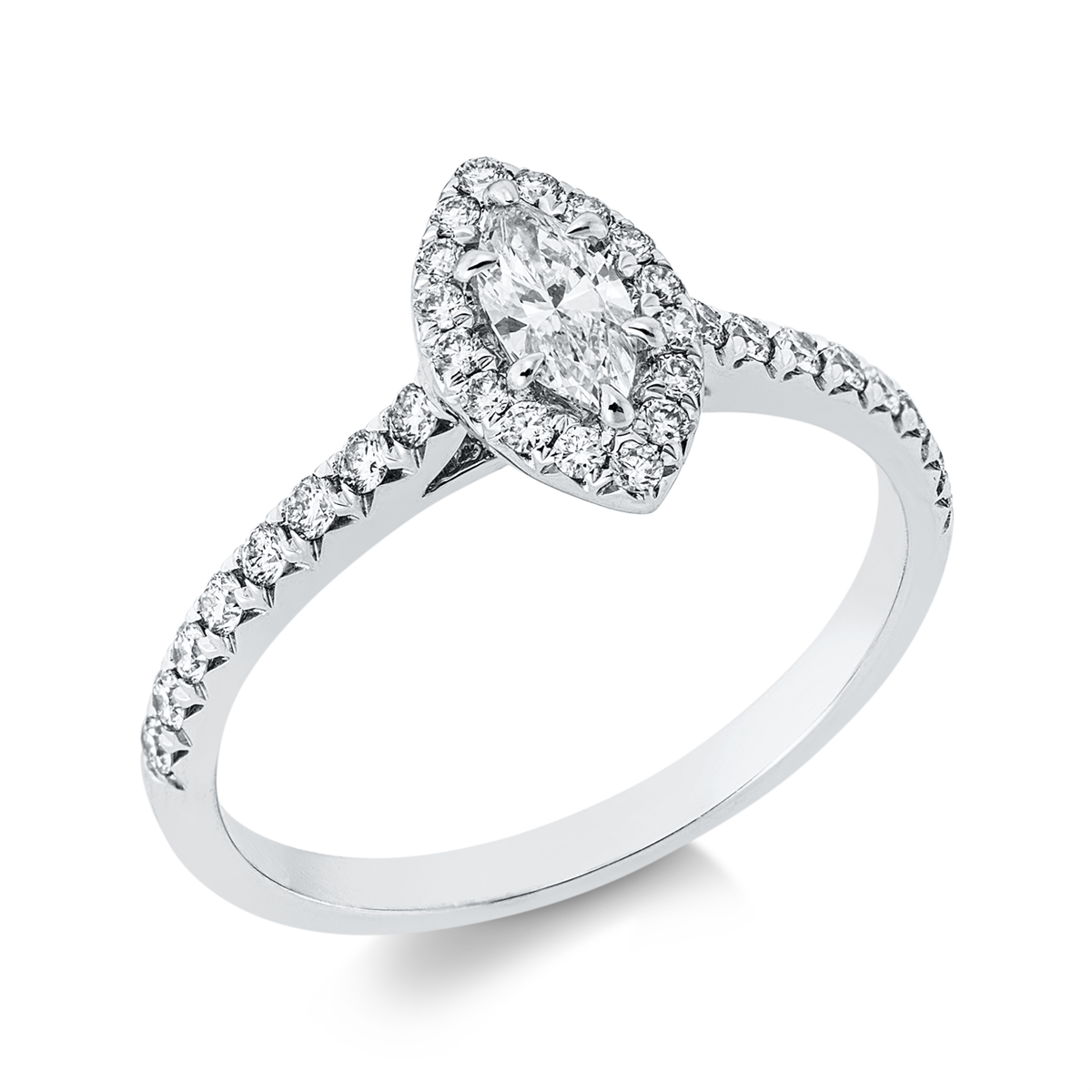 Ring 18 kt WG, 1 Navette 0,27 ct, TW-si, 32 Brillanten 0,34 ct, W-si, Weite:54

...

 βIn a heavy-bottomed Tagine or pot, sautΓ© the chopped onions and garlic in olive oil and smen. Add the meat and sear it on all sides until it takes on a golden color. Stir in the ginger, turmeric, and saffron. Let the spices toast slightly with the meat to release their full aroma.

...

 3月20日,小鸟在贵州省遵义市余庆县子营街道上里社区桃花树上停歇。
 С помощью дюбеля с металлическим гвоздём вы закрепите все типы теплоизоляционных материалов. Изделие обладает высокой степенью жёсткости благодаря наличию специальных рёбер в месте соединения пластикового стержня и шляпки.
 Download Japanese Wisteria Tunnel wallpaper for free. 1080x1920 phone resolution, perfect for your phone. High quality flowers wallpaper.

● TASK TO COMPLETE: When you reach the line in the material above that holds "С помощью дюбеля", begin reproducing lines exactly, and stop after the line that holds "Download Japanese Wisteria".

● WORKED SOLUTION:
 С помощью дюбеля с металлическим гвоздём вы закрепите все типы теплоизоляционных материалов. Изделие обладает высокой степенью жёсткости благодаря наличию специальных рёбер в месте соединения пластикового стержня и шляпки.
 Download Japanese Wisteria Tunnel wallpaper for free. 1080x1920 phone resolution, perfect for your phone. High quality flowers wallpaper.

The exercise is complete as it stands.